Write the data out in full and word for word. Do not include images.

Provided data ::
== Segment start ==

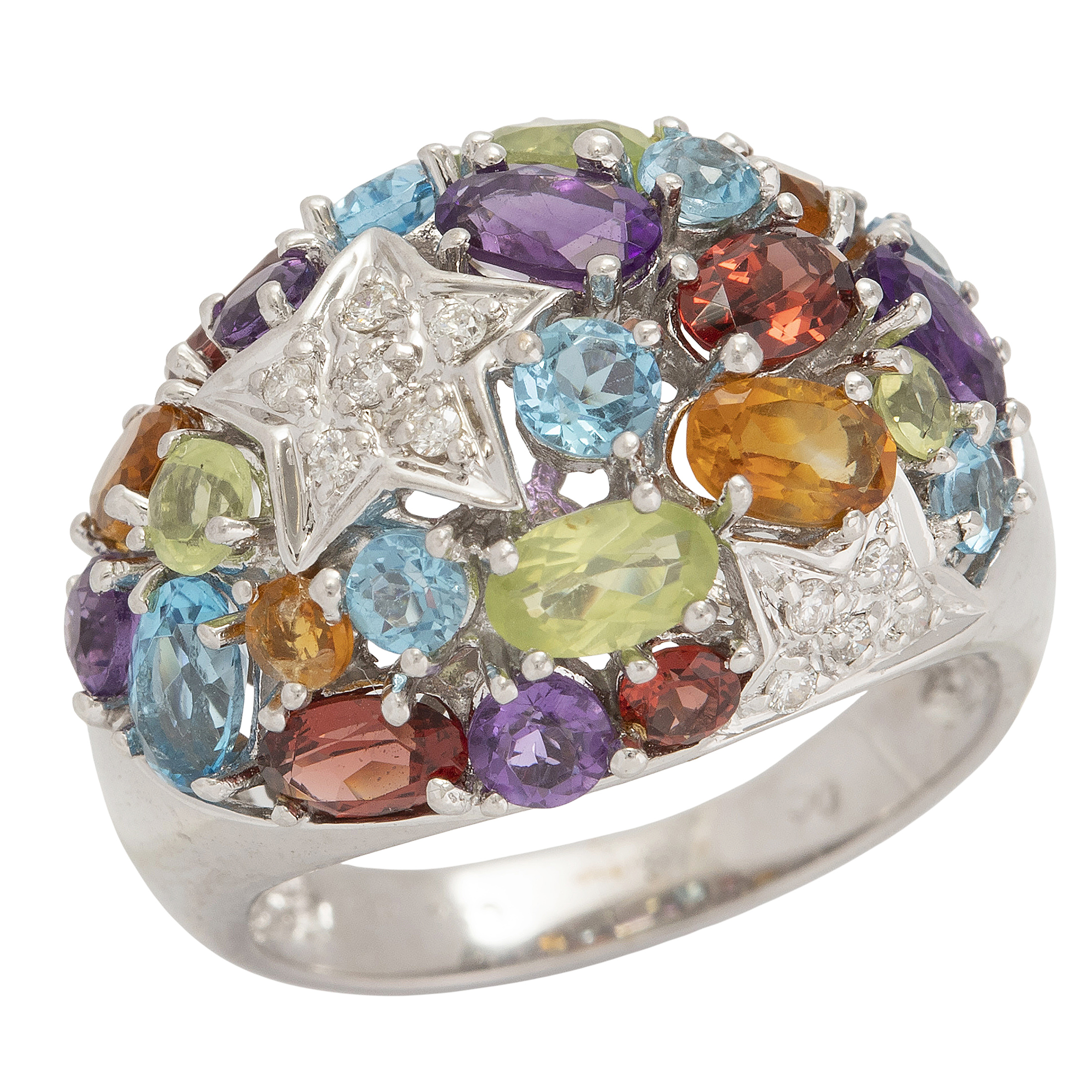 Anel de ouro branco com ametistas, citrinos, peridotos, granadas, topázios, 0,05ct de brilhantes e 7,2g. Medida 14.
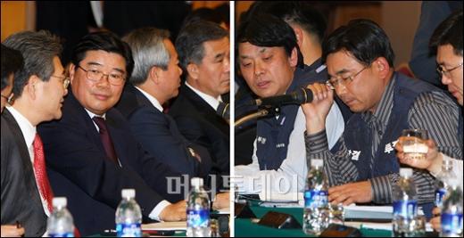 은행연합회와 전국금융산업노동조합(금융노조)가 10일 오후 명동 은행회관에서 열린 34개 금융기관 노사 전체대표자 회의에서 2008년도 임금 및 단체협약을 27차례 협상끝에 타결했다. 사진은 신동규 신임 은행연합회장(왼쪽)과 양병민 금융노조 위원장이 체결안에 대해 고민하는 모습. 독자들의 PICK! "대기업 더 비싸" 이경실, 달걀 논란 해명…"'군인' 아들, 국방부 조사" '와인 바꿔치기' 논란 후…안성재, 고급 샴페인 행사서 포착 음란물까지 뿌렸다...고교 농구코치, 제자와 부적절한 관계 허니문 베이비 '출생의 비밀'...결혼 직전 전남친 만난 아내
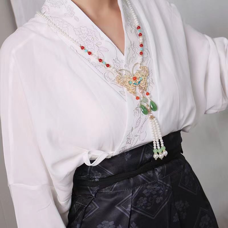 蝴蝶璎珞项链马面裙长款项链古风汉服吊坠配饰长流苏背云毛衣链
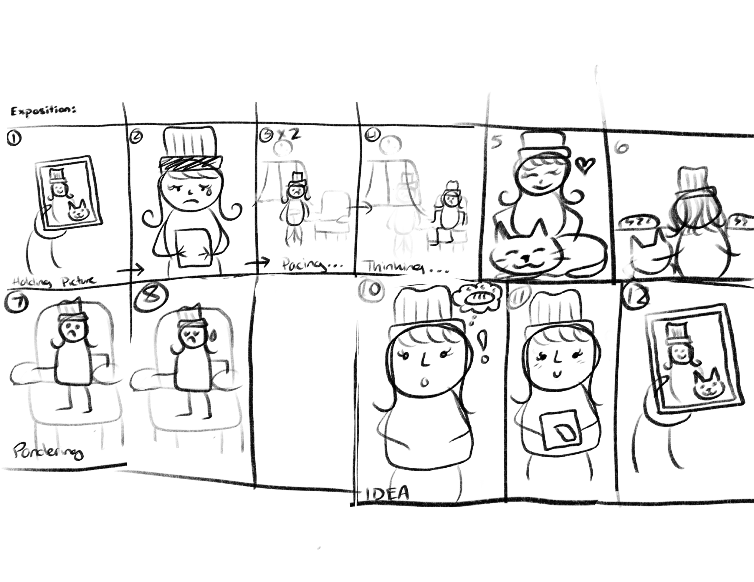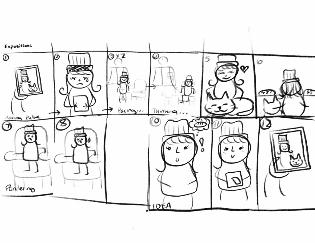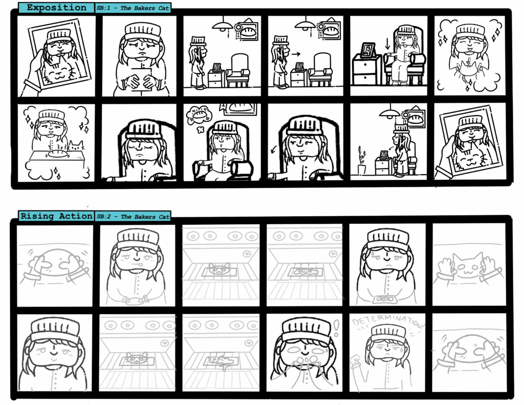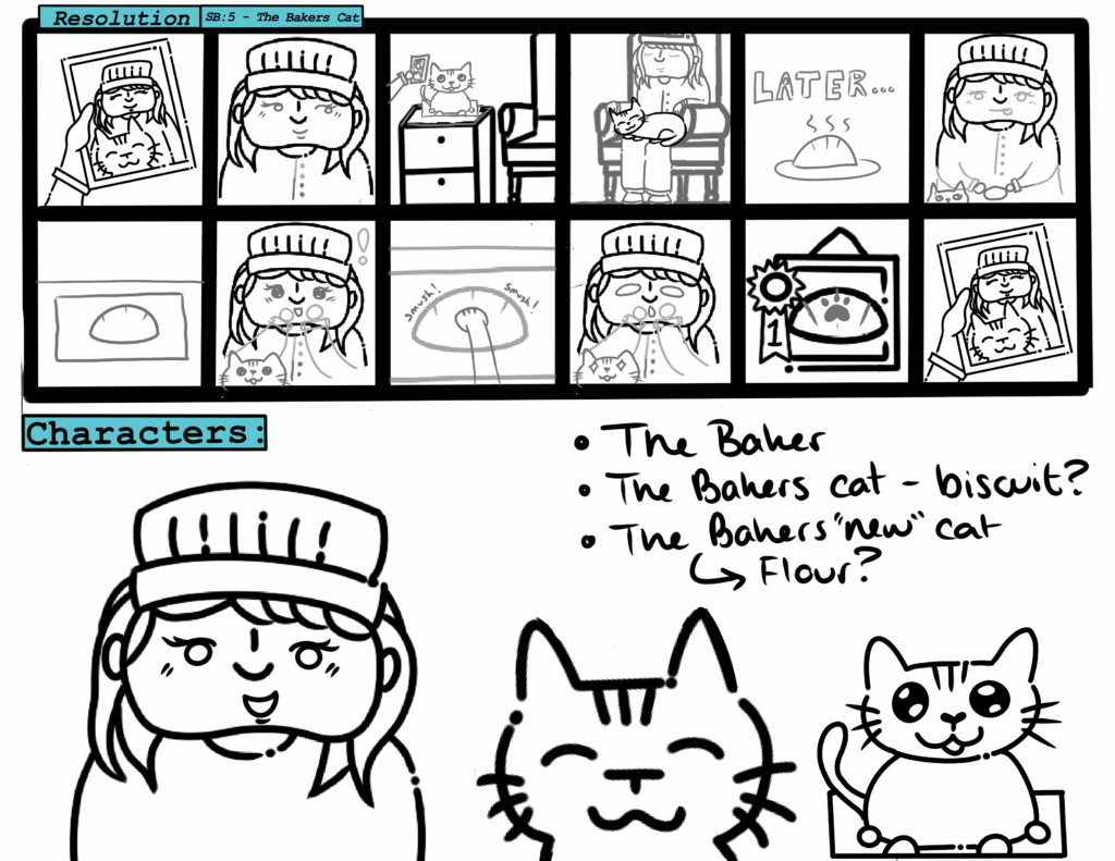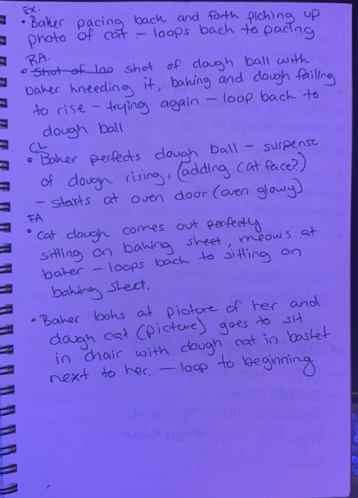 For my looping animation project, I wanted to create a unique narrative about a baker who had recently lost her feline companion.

== Segment end ==

Answer to the exercise ::
 Anel de ouro branco com ametistas, citrinos, peridotos, granadas, topázios, 0,05ct de brilhantes e 7,2g. Medida 14.
 은행연합회와 전국금융산업노동조합(금융노조)가 10일 오후 명동 은행회관에서 열린 34개 금융기관 노사 전체대표자 회의에서 2008년도 임금 및 단체협약을 27차례 협상끝에 타결했다. 사진은 신동규 신임 은행연합회장(왼쪽)과 양병민 금융노조 위원장이 체결안에 대해 고민하는 모습. 독자들의 PICK! "대기업 더 비싸" 이경실, 달걀 논란 해명…"'군인' 아들, 국방부 조사" '와인 바꿔치기' 논란 후…안성재, 고급 샴페인 행사서 포착 음란물까지 뿌렸다...고교 농구코치, 제자와 부적절한 관계 허니문 베이비 '출생의 비밀'...결혼 직전 전남친 만난 아내
 蝴蝶璎珞项链马面裙长款项链古风汉服吊坠配饰长流苏背云毛衣链
 For my looping animation project, I wanted to create a unique narrative about a baker who had recently lost her feline companion.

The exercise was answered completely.